### [EXERCISE DETAILS]
Beginning at the line containing "- Withdrawal of", give again every line through the end of the data, unchanged and with both ends included. Drop any pictures.

### [SUPPLIED MATERIAL]
>>>
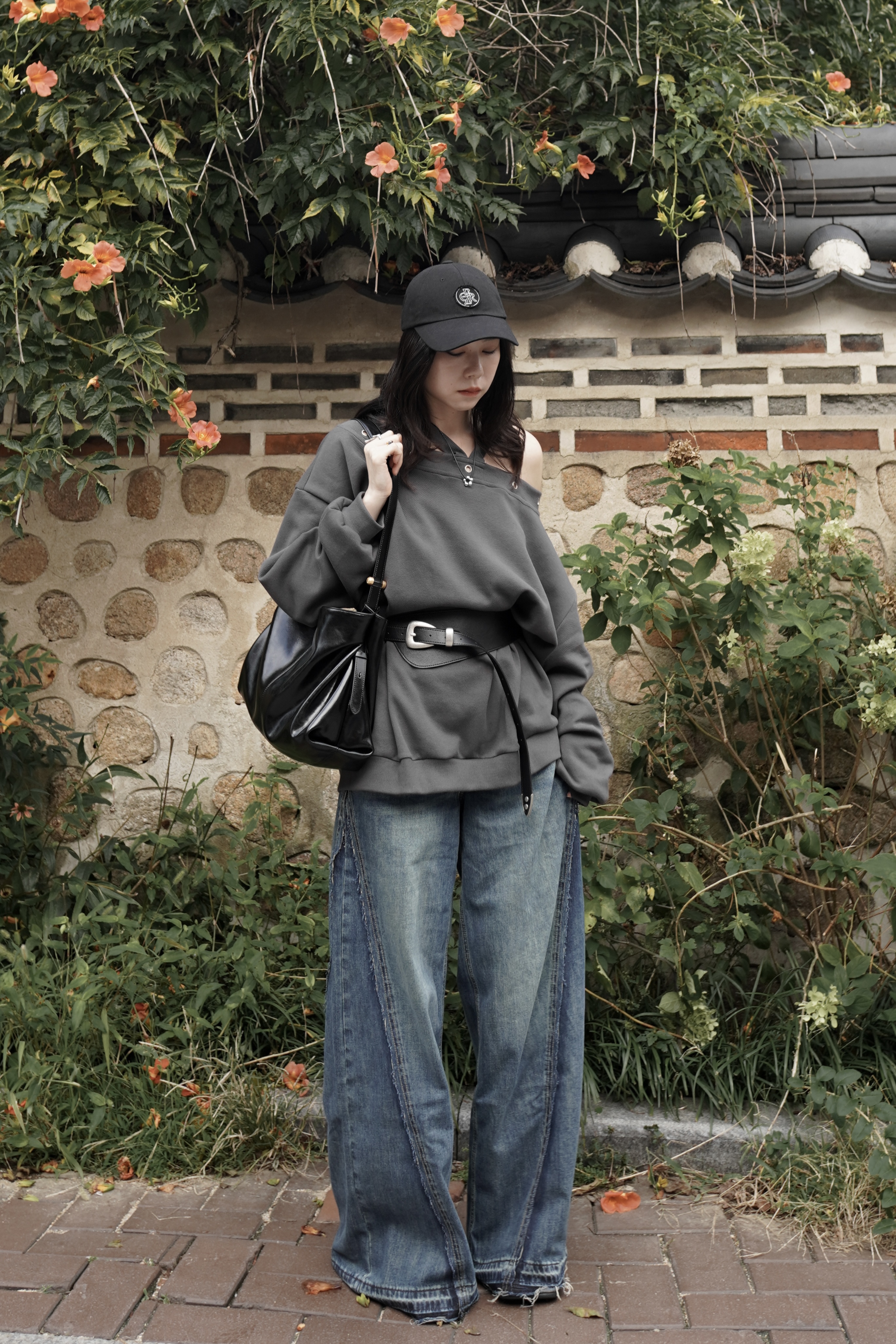 條紋配襯小吊環七分棉褲(咩冷同款)
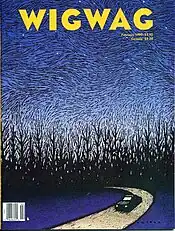 Founded by Alexander "Lex" Kaplen, who worked at The New Yorker, Wigwag eschewed celebrity coverage in favor of personal and literary writing. A test issue was put on newsstands in the summer of 1988, and the magazine formally debuted in October 1989. The magazine attracted writers such as Peter Matthiessen, Terry McMillan, Garry Wills, Alex Heard, Sousa Jamba and Nancy Franklin, but despite a circulation of 120,000, and despite being financially successful, ceased publication when the Gulf War broke out in 1991 and the economy entered a recession. It published its last issue in February 1991. In its brief lifetime it reached a circulation of close to 200,000 and became a brand name signifying family-feeling and an appreciation of the qualities of non-metropolitan America.
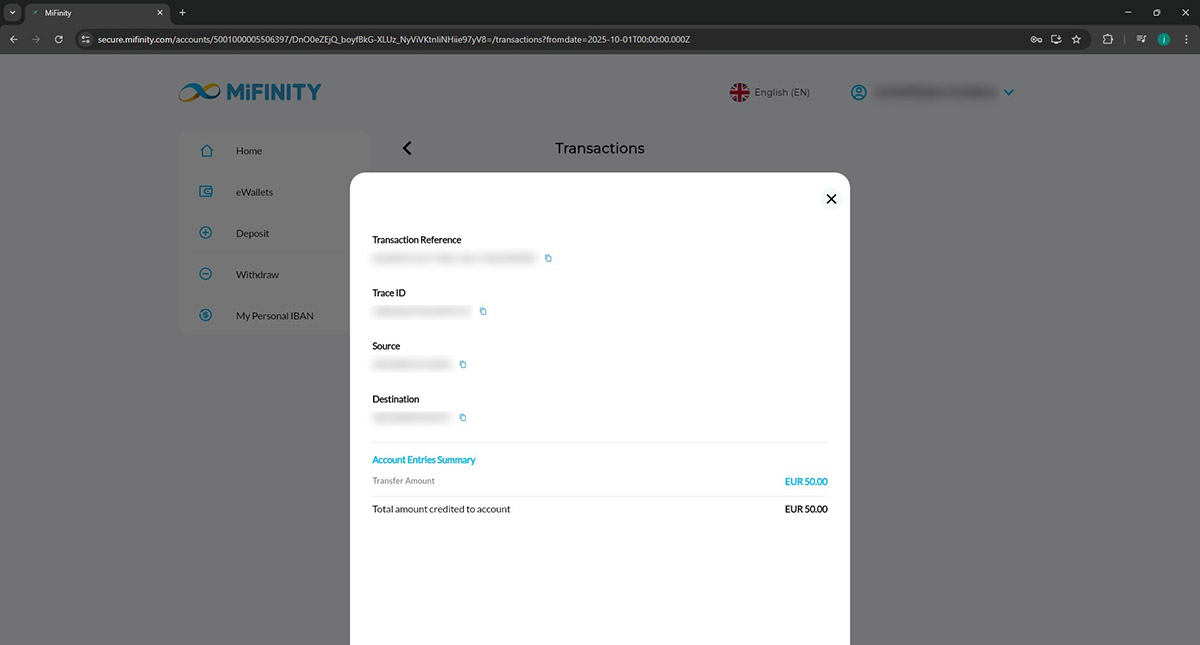 - Withdrawal of €50 requested on January 18, 2026 via Mifinity
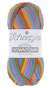 Scheepjes Downtown is a self-striping, Premium blend yarn made from Extra Fine Merino Wool and Nylon fibres. This blend of fibres creates a light and warm yarn that is also durable and easy to maintain. Downtown is further characterised by a soft touch, beautiful drape and excellent stitch definition, making it the ideal choice of yarn for making quirky, striped accessories, such as hats, socks and cowls. Downtown is available in 18 colourways.
<<<
### [OUTPUT FOR THIS EXERCISE]
 - Withdrawal of €50 requested on January 18, 2026 via Mifinity
 Scheepjes Downtown is a self-striping, Premium blend yarn made from Extra Fine Merino Wool and Nylon fibres. This blend of fibres creates a light and warm yarn that is also durable and easy to maintain. Downtown is further characterised by a soft touch, beautiful drape and excellent stitch definition, making it the ideal choice of yarn for making quirky, striped accessories, such as hats, socks and cowls. Downtown is available in 18 colourways.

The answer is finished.